Less than four months after Sarah and Hiram were married, typhoid fever struck the Spoon household. As was the case with so many diseases which in that era were not easily treated, the illness took a heavy toll. On Nov. 23, 1883, Hiram Rhoades died from the disease. Just three days later, 14-year-old Rose Zetta -- one of the twins and the youngest of the family -- also passed away. Most of the other family members were sick for weeks before recovering.

According to the Dec. 13, 1883 edition of the Hendricks County Republican, "The condition of the afflicted Spoon family is somewhat improved. For 13 weeks, sickness has held its sway in the family. Five of the family have been protracted with malignant typhoid fever; two of them have died and one remains very sick. The friends and neighbors have done everything in their power to mitigate their suffering and add to their comfort."
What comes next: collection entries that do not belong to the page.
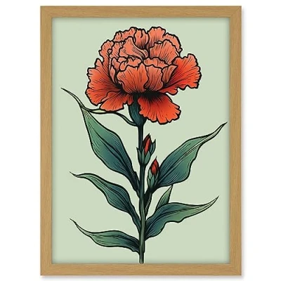 Artery8 Carnation Old School Flower Tattoo Ink Body Art Rockabilly Americana 50s Artwork Framed A3 Wall Print
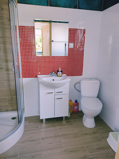 Łazienka wyposażona jest w kabinę prysznicową, WC, nowoczesną pralkę o obrotach 1200 oraz suszarkę stojącą na bieliznę.
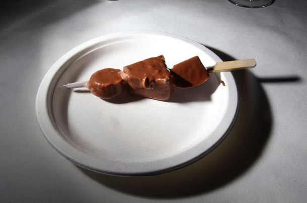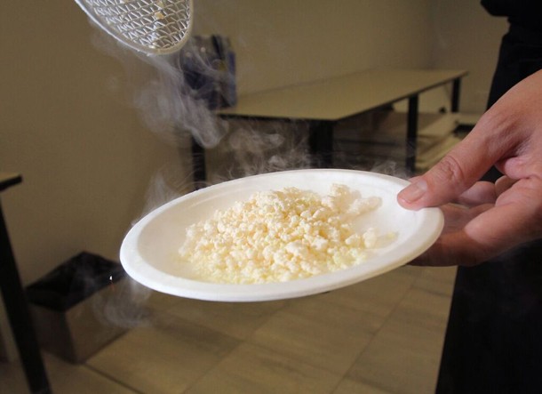 Sin duda, lo más original de la sesión fueron las palomitas de aceite de oliva y agua de tomate. El nitrógeno líquido fue el responsable. El nitrógeno es un gas inerte, inodoro e incoloro que pasa a estado líquido a -196 ºC. Mediante la utilización del nitrógeno líquido los alimentos también se cocinan, pero esta vez mediante el frío, conservando así todo su sabor, aroma y color. Dado que la mayoría de los alimentos tienen una gran cantidad de agua, al contacto con el nitrógeno líquido se produce una congelación casi inmediata de la misma. De esta manera, los alimentos cocinados con nitrógeno líquido quedan sólidos por fuera, pero cremosos o incluso líquidos por dentro. Utilizando un sifón y un baño de nitrógeno líquido, Pedro Antolín nos preparó unas palomitas deliciosas, crujientes por fuera que al deshacerse en la boca liberaban la intensidad del aceite de oliva y el tomate. Una delicia de la que pudimos disfrutar gracias a la química.
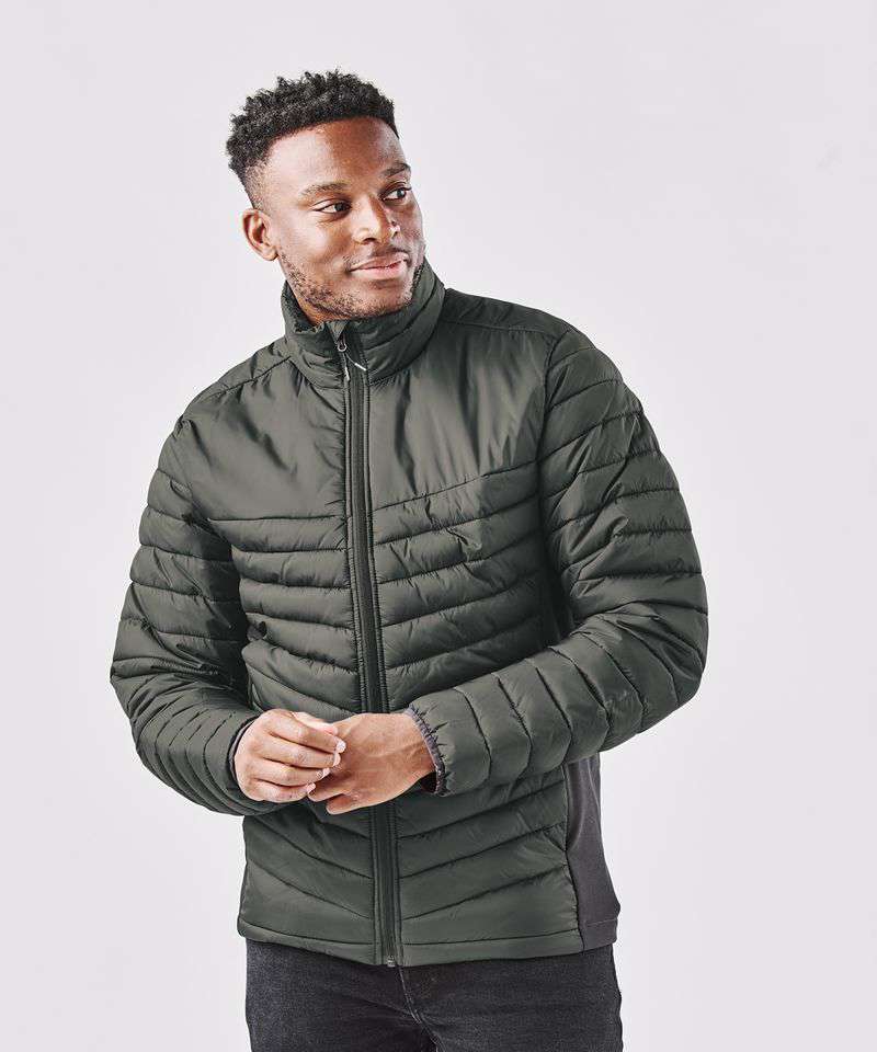 Pure Earth by STORMTECH™. STORMTECH Thermolex™ high loft synthetic down. Durable, PFC-free, water-repellent finish. High-performance, windproof outer shell. Combination of broken fibre fill and polypill. Contrast single layer stretch side panels. Adjustable hem with drawcord. Elasticised cuffs. Zipped hand pockets with brushed tricot. internal mesh stash pockets. Internal full-length storm flap with chin saver. Decoration access.
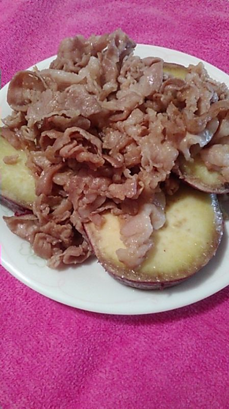 5.豚バラ肉に焼色がついたら、さつまいもを入れて炒める。

Oliver Spoon poses for a tintype

Devastated, Sarah relied on her faith in God and held the family together. In 1885, she left behind the bad memories and what was left of the Hendricks County farm and boarded a train for Kansas, where her daughter Margaret and son-in-law Columbus Pierce had moved some time earlier. The four surviving Spoon children still living at home were by now young adults: Nannie (25), Oliver (23), John (21) and Mary Etta (16). Yet there was no doubt that their mother remained the guiding force in the family.
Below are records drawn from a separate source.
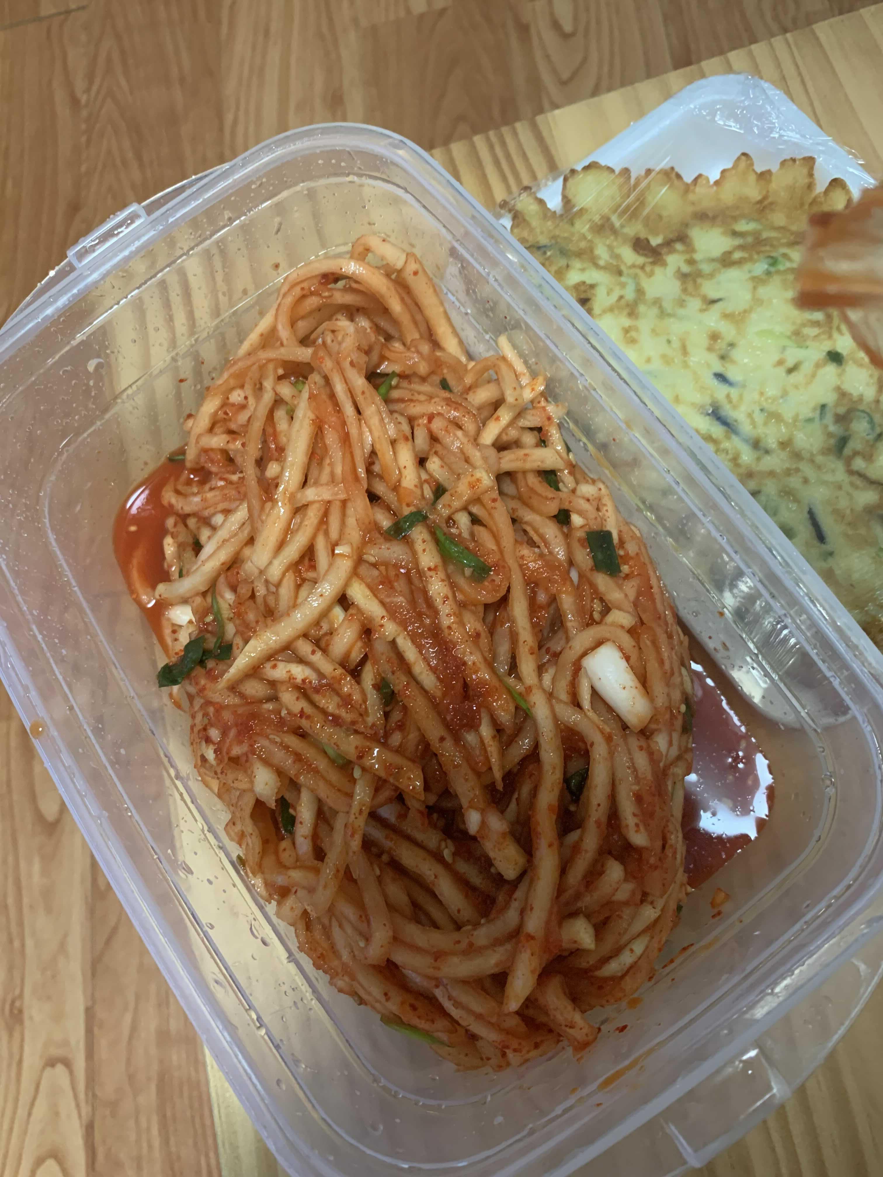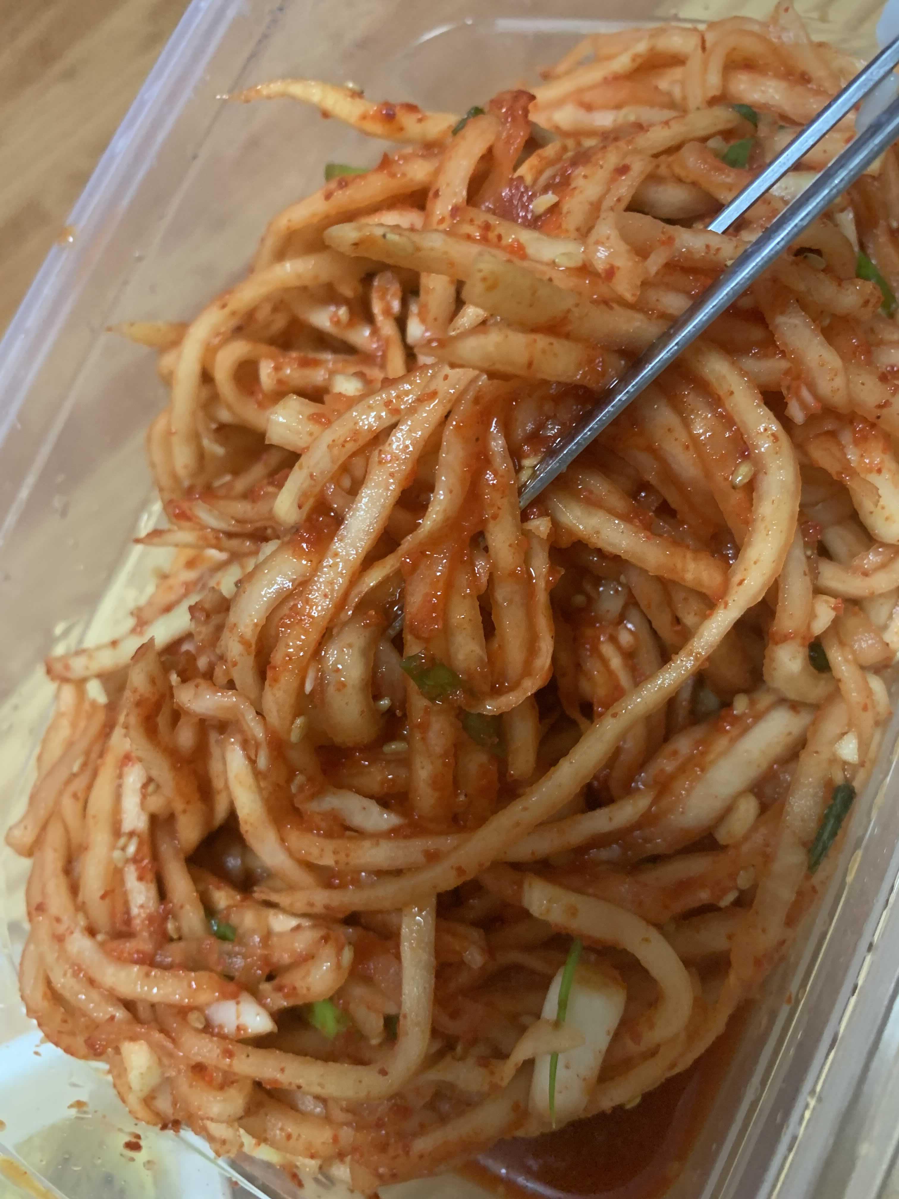 반찬 중 가장 많이 사 먹는 반찬은 김치!!! 그중 무생채를 가장 많이 사 먹습니다. 가격은 2,000원으로 가격은 저렴, 양은 많습니다. 특히 라면과 함께 먹기 좋은 반찬 중에 하나입니다. 무생채 외 자주 사 먹는 김치는 열무김치로 가격은 5,000원으로.... 양이 상당히 많습니다. 반찬 그릇에 하나에 넘쳐.... 한통 채우고, 다른 하나는 비닐봉지 그대로 보관 후 나중에 먹고 있네요.ㅎㅎ
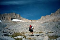 The east side is of extraordinarily loose rock. The steep, diagonal chute is bad and so is the whole slope down to the lake (we take refuge on the snow for a ways).
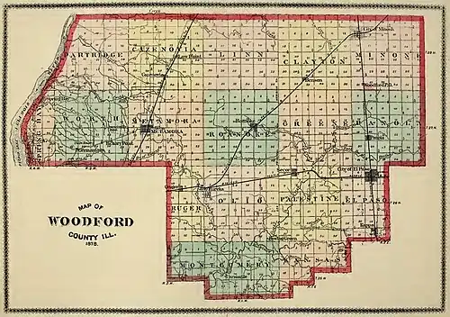 It was during the pre-Civil War years that Woodford County adopted townships – which was met with strong opposition. No fewer than four public elections were held between 1850 and 1854 before the township system gained a majority of votes.[24]
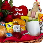 croissant - 1 un. maçã - 1 un. laço - 1 un. pão de mel - 1 un. sachê de chá - 1 un. polenguinho - 1 un. cesta de vime - 1 un. sachê de café solúvel - 1 un. sachê de capuccino - 1 un. arranjo de rosa vermelhas - 1 un. sachê de açúcar - 2 un. sachê de adoçante - 2 un. suco caixinha - 1 un. coração de pelúcia bordado - 1 un. pão fatiado - 2 un. manteiga mini - 1 un. achocolatado caixinha - 1 un. celofane embalagem - 1 un. caneca de porcelana branca - 1 un. torrada bauducco mini - 1 un. frios ( queijo e presunto) - 1 un. geleia de fruta mini - 2 un.

A year later, all but Nannie moved to Osborne County, Kansas, just north of Luray, a farming community on the vast Kansas plains. Luray lies in the north central part of the state, a few miles north of what is now Interstate 70. Today it is a city of 261 people in Russell County.

Luray is, basically, in the middle of nowhere. In the 1880s, it was for many the edge of the frontier, an exciting land of opportunity.

It was not always a safe haven. Margaret Ellen, the oldest Spoon child and the one who had first moved from Indiana with her husband, died at age 34, only eight years after her family had followed. Her cause of death is unknown. The other Spoon children prospered, a fitting testament to the gritty determination of their mother.

John Alvin Spoon became a successful farmer in the Luray area and eventually moved to California. His brother Oliver also farmed the land successfully and later in life managed a productive citrus fruit ranch in Raymondsville, Texas, where he died in 1941 at the age of 79.

Mary Etta, who lost her twin sister at age 14, went on to become Dr. Mary Beatty, a chiropractor who lived to the ripe old age of 86. She didn't even begin her chiropractic studies until after the death of her husband, Boyd Clark Beatty. Mary Etta died at the home of her son-in-law and daughter, Milan and Nina Hitchcock, in Savannah, Missouri in 1955. Besides her daughter, she left behind daughter-in-law Dr. Louisa Beaty (widow of Mary Etta's only son, Homer Beatty), and nine grandchildren.

Sarah Catherine Reitzel Spoon lies in her casket outside the family home in 1924

Little is known about Nannie Caroline Spoon. We have only a notation that she married a man named Boggs (date unknown), that she too became a doctor, and that she died April 23, 1930, at the age of 70.

Nannie outlived by only six years her mother, a matriarch who deserves a special place in the Spoon family history. Sarah Catherine Reitzel Spoon Rhoades died in Luray on April 7, 1924, just 15 days short of her 90th birthday.

"All her life, she bitterly denounced evil with righteous indignation," an obituary author wrote about her. "She loved her Savior first of all and always tried to do his will."